AIM OF THE EXERCISE: Copy every record exactly as it stands. Leave the pictures out.

(RECORDS SUPPLIED)

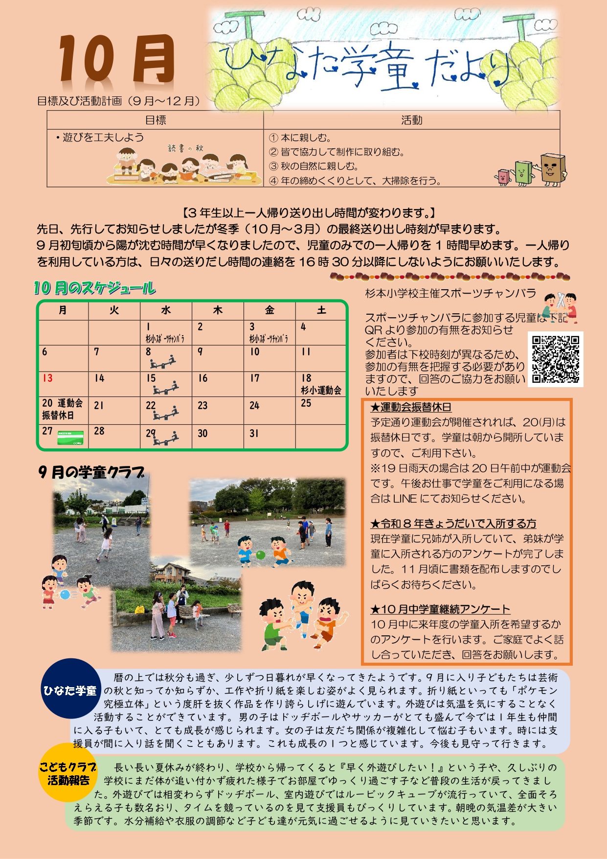 令和8年度 当学童クラブに入所希望の方は9月1日より同ホームページで入所スケジュールをお知らせしますので、ご確認下さい。ひなた学童クラブ
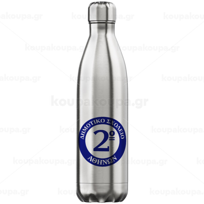 Έμβλημα Σχολικό μπλε, Μεταλλικό παγούρι θερμός Inox (Stainless steel), διπλού τοιχώματος, 750ml
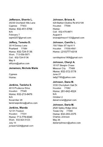 Jenkins, Tanisha S. 3330 Cherrybark Oak Dr.
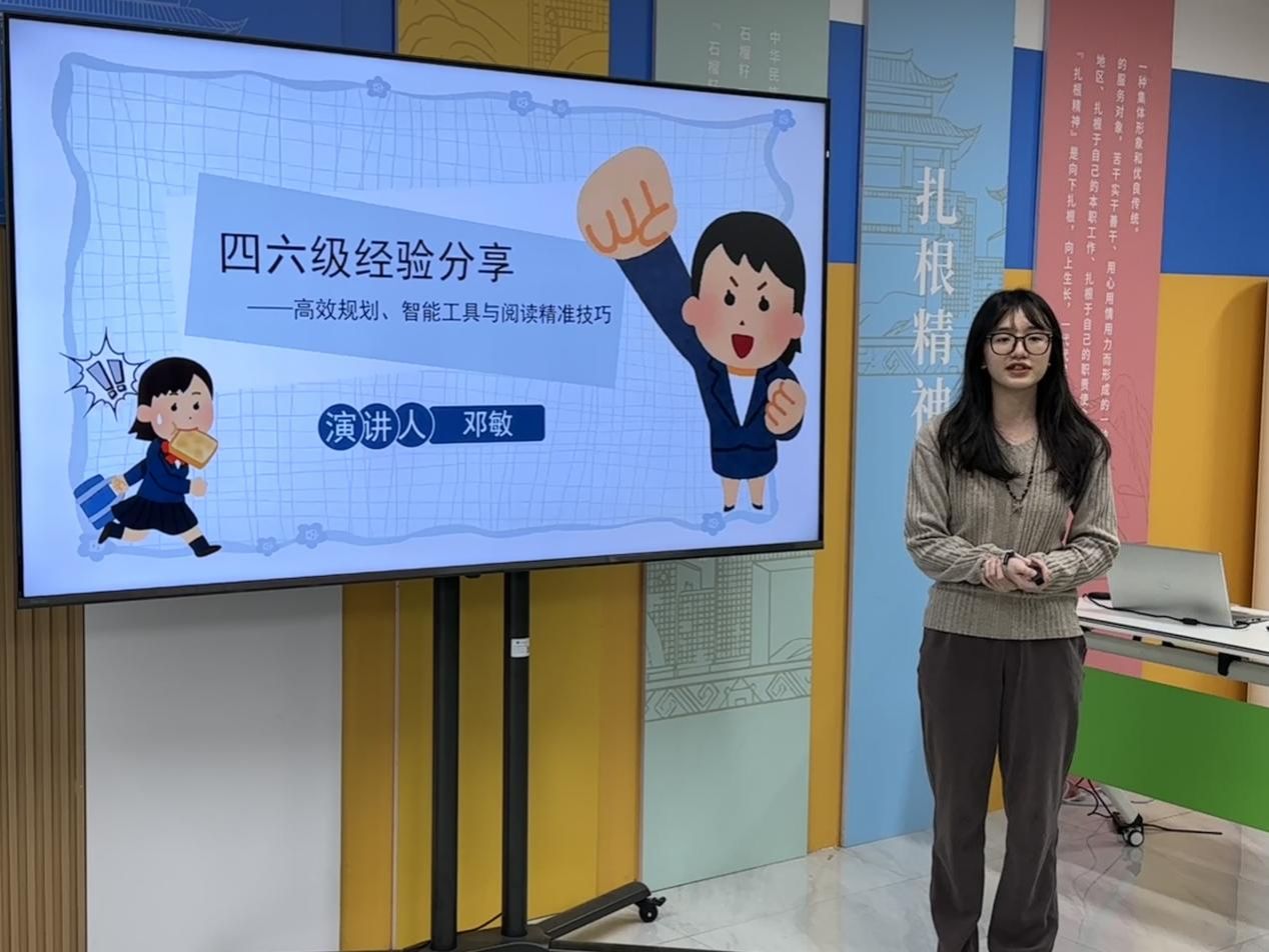 (邓敏同学正在分享四六级阅读理解的答题方法与篇章分析技巧)
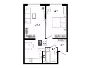 В продаже 1-комнатная квартира от застройщика! Мкр. "DOGMA PARK" г. Краснодар, Литер 34 Срок сдачи: 4 кв. 2027, общей площадью 47.7 кв.м., на 11 этаже.
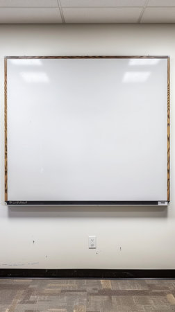 A blank whiteboard framed with wood and mounted on a classroom wall, ready for an educational session. The wall shows signs of frequent use, enhancing the realistic setting.
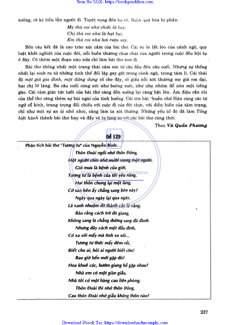 ĐỀ 129. PHÂN TÍCH BÀI THƠ “TƯƠNG TƯ” CỦA NGUYỄN BÍNH
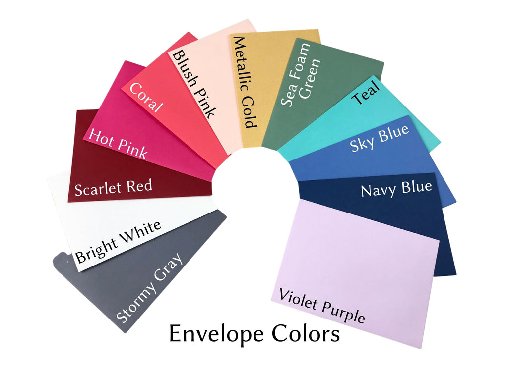 - Choose the envelope color for your stationery from these colors of A6 envelopes: Stormy Gray, Bright White, Scarlet Red, Hot Pink, Coral, Blush Pink, Metallic Gold, Sea Foam Green, Teal, Sky Blue, Navy Blue, or Violet Purple.
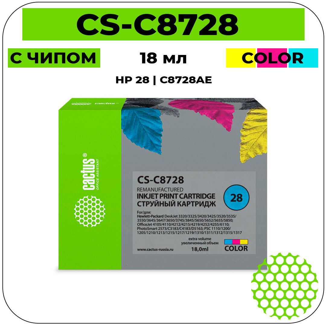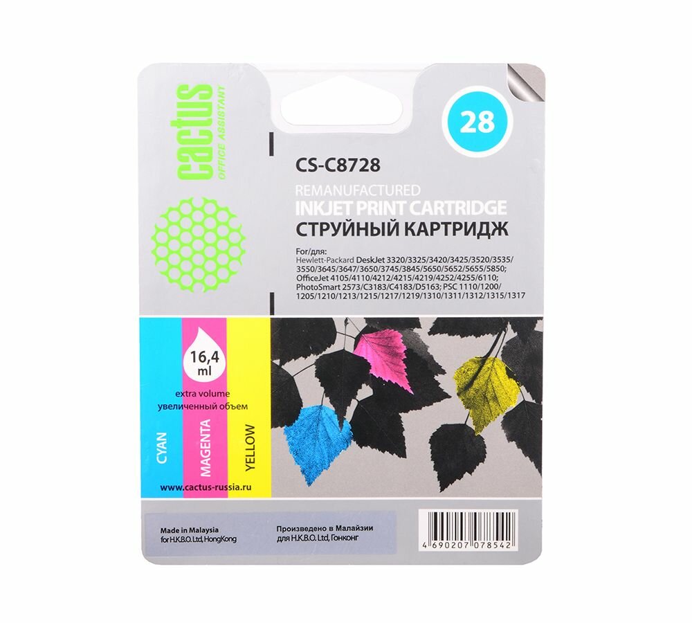 СохранитьКартридж CACTUS CS-C8728, №28, многоцветный / CS-C8728 интересное:

(End RECORDS SUPPLIED)

TASK SOLUTION:
 令和8年度 当学童クラブに入所希望の方は9月1日より同ホームページで入所スケジュールをお知らせしますので、ご確認下さい。ひなた学童クラブ
 Έμβλημα Σχολικό μπλε, Μεταλλικό παγούρι θερμός Inox (Stainless steel), διπλού τοιχώματος, 750ml
 Jenkins, Tanisha S. 3330 Cherrybark Oak Dr.
 (邓敏同学正在分享四六级阅读理解的答题方法与篇章分析技巧)
 В продаже 1-комнатная квартира от застройщика! Мкр. "DOGMA PARK" г. Краснодар, Литер 34 Срок сдачи: 4 кв. 2027, общей площадью 47.7 кв.м., на 11 этаже.
 A blank whiteboard framed with wood and mounted on a classroom wall, ready for an educational session. The wall shows signs of frequent use, enhancing the realistic setting.
 ĐỀ 129. PHÂN TÍCH BÀI THƠ “TƯƠNG TƯ” CỦA NGUYỄN BÍNH
 - Choose the envelope color for your stationery from these colors of A6 envelopes: Stormy Gray, Bright White, Scarlet Red, Hot Pink, Coral, Blush Pink, Metallic Gold, Sea Foam Green, Teal, Sky Blue, Navy Blue, or Violet Purple.
 СохранитьКартридж CACTUS CS-C8728, №28, многоцветный / CS-C8728 интересное:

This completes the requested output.